AES Corp. has shut down its Beaver Valley coal plant in Potter two years ahead of schedule, having failed to secure a buyer for its electricity.
The Virginia-based company flirted with the idea of converting the 125-megawatt plant to run on natural gas, but could find no takers for its energy.
The small coal facility had been feeding neighboring industrial buildings since the mid-1980s, providing power to West Penn Power and steam to Nova Chemicals and BASF. When it lost its last electric customer in 2013, AES Beaver Valley told the regional grid operator, PJM Interconnection Inc., that it would wind down in the summer of 2017.
But the company accelerated the process, taking a financial hit in the short term.
In 2013, West Penn Power paid AES $60 million to end its long-term power purchase agreement three years ahead of its expiration. Without that revenue stream, AES was forced to write down $46 million associated with the value of its Beaver Valley plant.

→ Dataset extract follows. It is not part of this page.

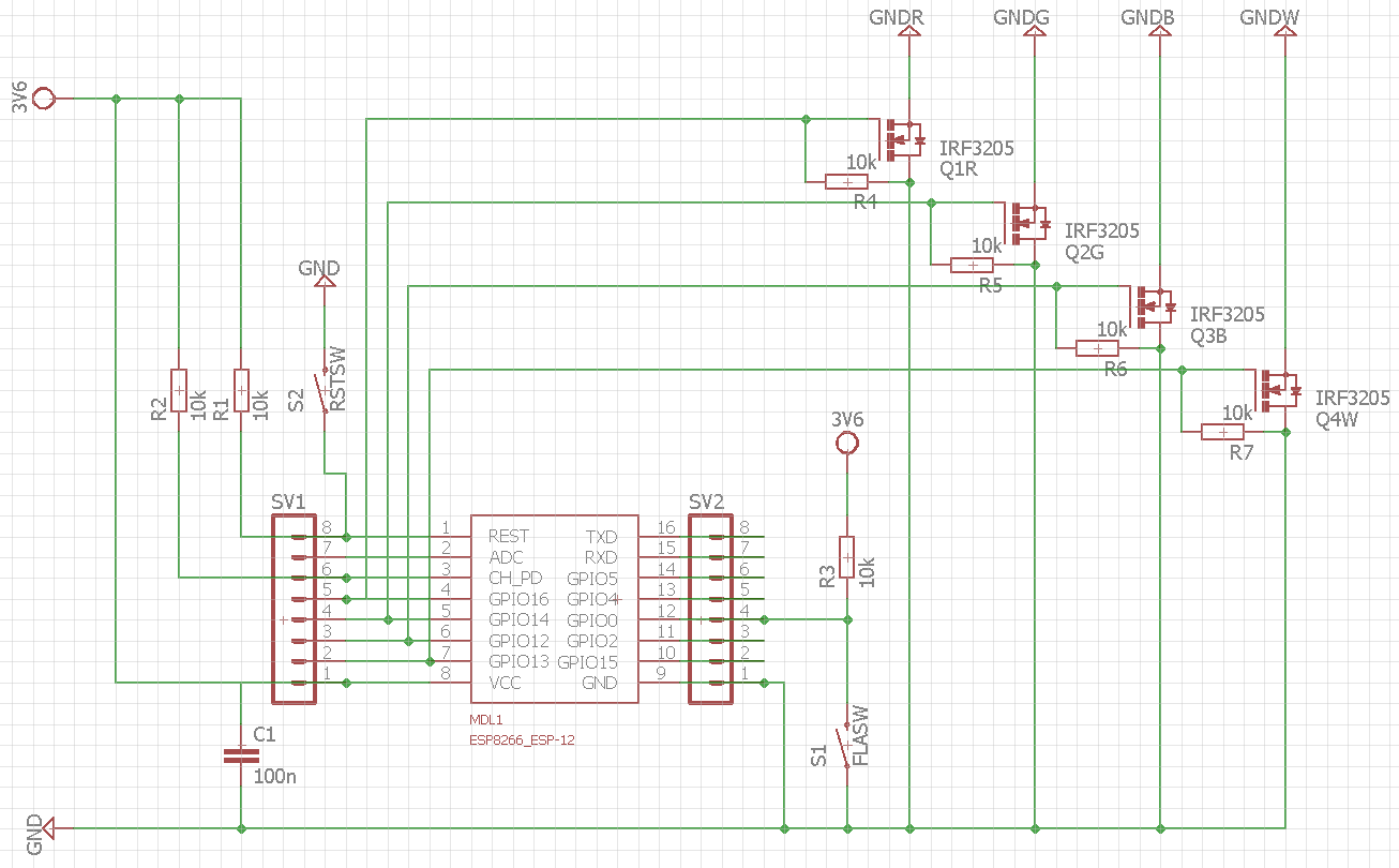 The circuit is based on an ESP8266 chip to act as a driver for an RGBW LED strip over the internet. This is my first circuit drawn in Eagle and the first circuit I want to "iron out" a PCB from.

In May, AES worked out a deal with Nova Chemicals to get out of its lease.
“It really came as a surprise to us when we saw the barriers go across the driveway,” said Rebecca Matsco, who chairs the Potter County board of supervisors.
Ms. Matsco knew the company was considering a switch to gas, but said chatter about the plant dropped off abruptly. “And then it just seemed to stop. We did not hear anything.”
Last spring, AES asked the Pennsylvania Department of Environmental Protection for permission to install and operate burner inserts in three boilers that would allow AES Beaver Valley to burn gas in addition to, or instead of, coal. The state approved the permit earlier this year.
AES generation plants serve customers in seven states including Pennsylvania and West Virginia. The company has long-term contracts for most of its facilities, said spokeswoman Amy Ackerman. Without one, switching to natural gas or running the plant at all “wouldn’t be financially viable,” she said.
The plant was built in 1942 by another company and converted into a cogeneration facility — one that produced both steam and electricity — when AES bought it in 1985. It has three coal boilers and two turbine generators. The equipment, valued at $1.2 million, was transferred to Nova this summer.
“Nova Chemicals is evaluating plans to demolish the assets over the next several years,” said Pace Markowitz, a spokesman for the Canadian chemical company which has executive offices in Moon.